Looking at Bluemix logs

To see the logs generated by your app on Bluemix, you can use the cf logs command:

  • To tail your logs as they are being generated (from a separate command prompt while pushing for example)
  • To see your app’s most recent logs using the --recent option

Tip: Only the logs following the latest app startup will be shown.

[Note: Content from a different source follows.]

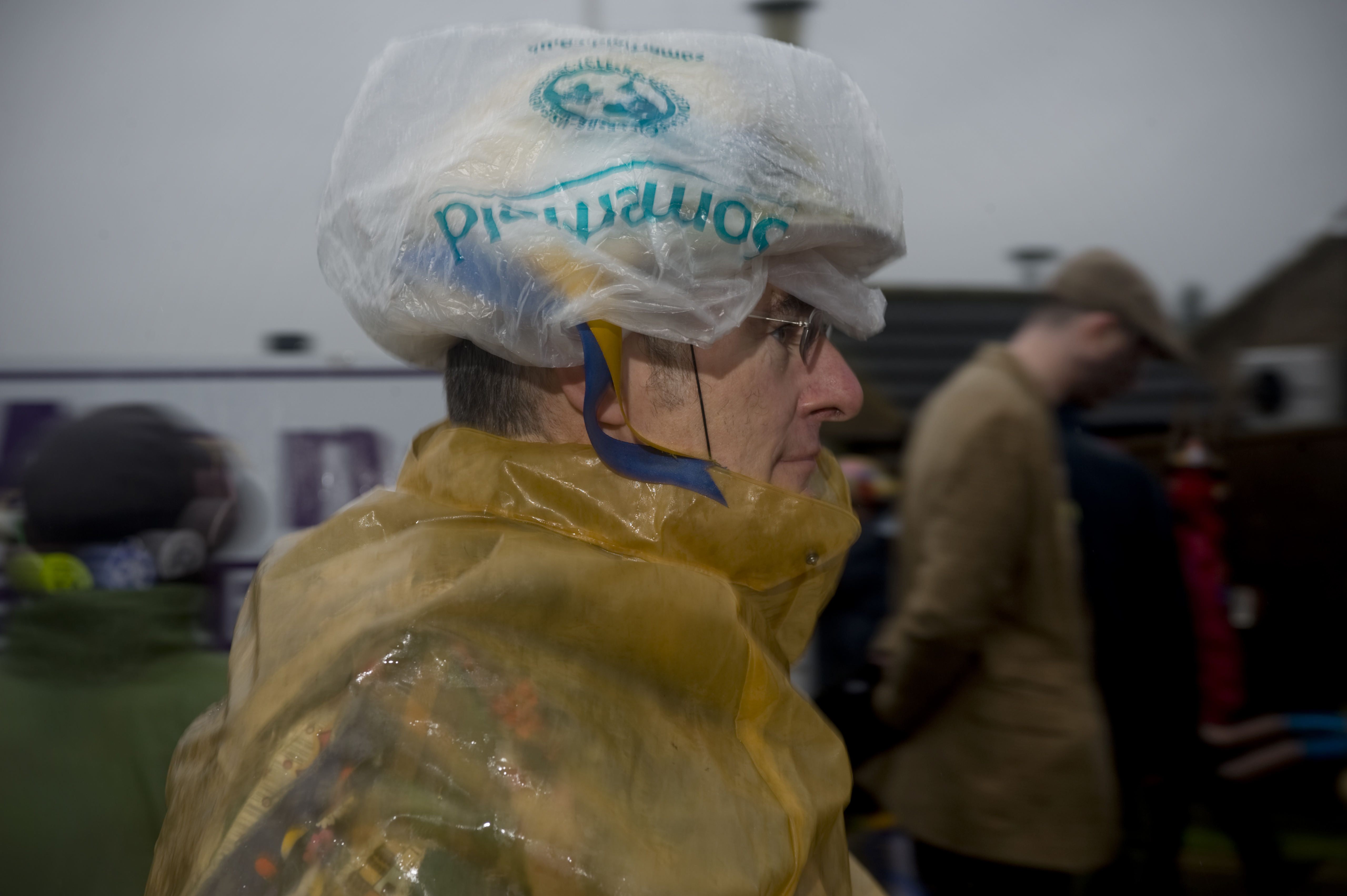 ? Si Barber 07739 472 922 Molly and Morris dancers parading through the town of Whittlesea in Cambs in celebration of Plough Monday - a Medieval tradition in which unemployed agricultural labourers begged for alms. Participants went in disguise to avoid prosecution from the authorities and caused mischief for those who would not pay them. 170110.Picture shows a Morris Dancer waiting in the rain. 170110.

Tip: If you have several instances of an app running, use the drop down box next to ‘Instances’ (under ‘Files and logs’) to see the logs from each of them


7. Working with the Liberty for Java sample

If you have already gone through the Getting started with Liberty for Java apps using the MQ Light Service for Bluemix, then you will have a Node.js back-end app hooked into the same instance of the MQ Light service. If those are stopped, and you have only your Liberty for Java apps started (ie. your Node.js apps are stopped), you should see the following when you click the button:


As you can see, it is only the Node.js back-end that is doing the work. If you start the Liberty for Java back end you created in the other post and click the button, you should then see something like:


This time, each message sent by the Node.js front end is processed by both the Liberty for Java and the Node back ends. Head over to your Liberty for Java front end and you should see the same thing. And just like that, you’ve got¬†Liberty for Java and Node.js apps talking to each other. Nice.

The way this works is:

  • JMS publish/subscribe inter-works between JMS and Node.js.
  • JMS topic names are the same as Node.js topic names.

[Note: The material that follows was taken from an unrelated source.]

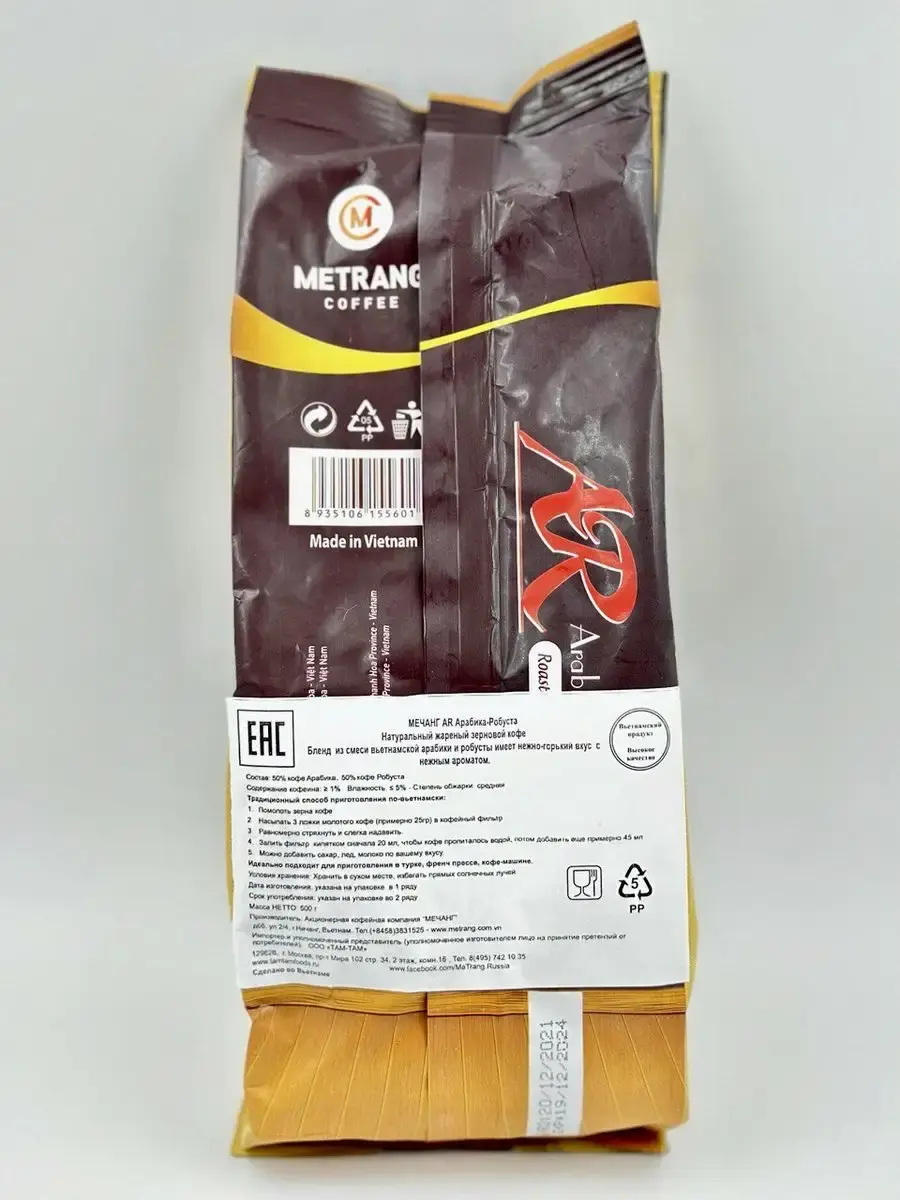 Погрузитесь в настоящий вьетнамский кофейный опыт с магическим блендом Arabica & Robusta от бренда Me Trang. В каждой упаковке 500 грамм чистой радости, созданной мастерами кофейного искусства.

    In Node.js, the topics are simply defined in the app.js files, for example, in the front-end app:

    var PUBLISH_TOPIC = "mqlight/sample/words";
    var SUBSCRIBE_TOPIC = "mqlight/sample/wordsuppercase";
  • In Liberty for Java, topics are specified in the server.xml file:

    <jmsTopic id="jms/BackEndWorkerListenTopic" jndiName="jms/BackEndWorkerListenTopic">
       <properties.wmqJms baseTopicName="mqlight/sample/words"/>
    <jmsTopic id="jms/BackEndWorkerNotificationTopic" jndiName="jms/BackEndWorkerNotificationTopic>"
       <properties.wmqJms baseTopicName="mqlight/sample/wordsuppercase"/>

    In BackEndMDB.java:

            activationConfig = { @ActivationConfigProperty(
                    propertyName = "destinationType", propertyValue = "javax.jms.Topic"), @ActivationConfigProperty(
                    propertyName = "destination", propertyValue = "jms/BackEndWorkerListenTopic")
            mappedName = "jms/as_MQLight-sampleservice")
  • The JMS equivalent of a shared destination, is enabled in JMS 1.1 by setting the cloneSupport option on the destination.

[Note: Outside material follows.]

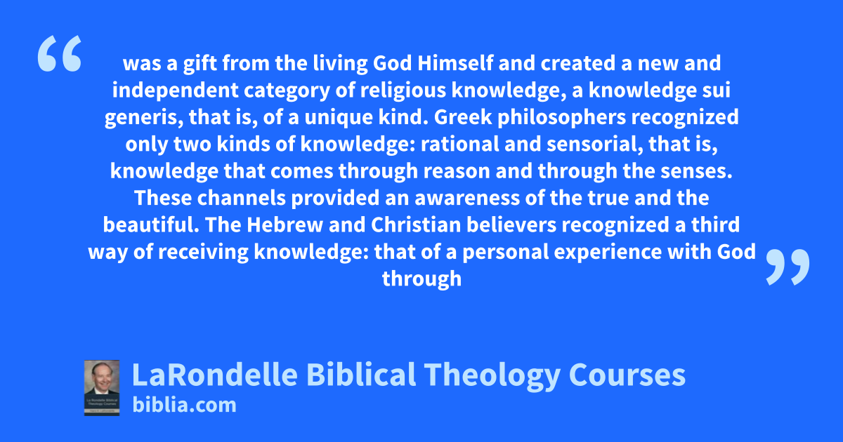 was a gift from the living God Himself and created a new and independent category of religious knowledge, a knowledge sui generis, that is, of a unique kind. Greek philosophers recognized only two kinds of knowledge: rational and sensorial, that is, knowledge that comes through reason and through the senses. These channels provided an awareness of the true and the beautiful. The Hebrew and Christian believers recognized a third way of receiving knowledge: that of a personal experience with God through

In this example, you can simply have every message being ‘processed’ twice (once by each back end), but in reality you’ve got lots of options with this pattern. Perhaps a Node app could take messages and display them in a responsive web app, while a Liberty for Java app stores the same messages in a database or does analytics without affecting the responsiveness of your front end at all. But what if you only want each message to be processed once? The MQ Light API supports the concept of ‘shares’ where multiple clients can be subscribed to the same destination, but each message is only received by a single client – this is perfect for scaling up to deal with heavy load and there are other workshops that deal with that particular scenario.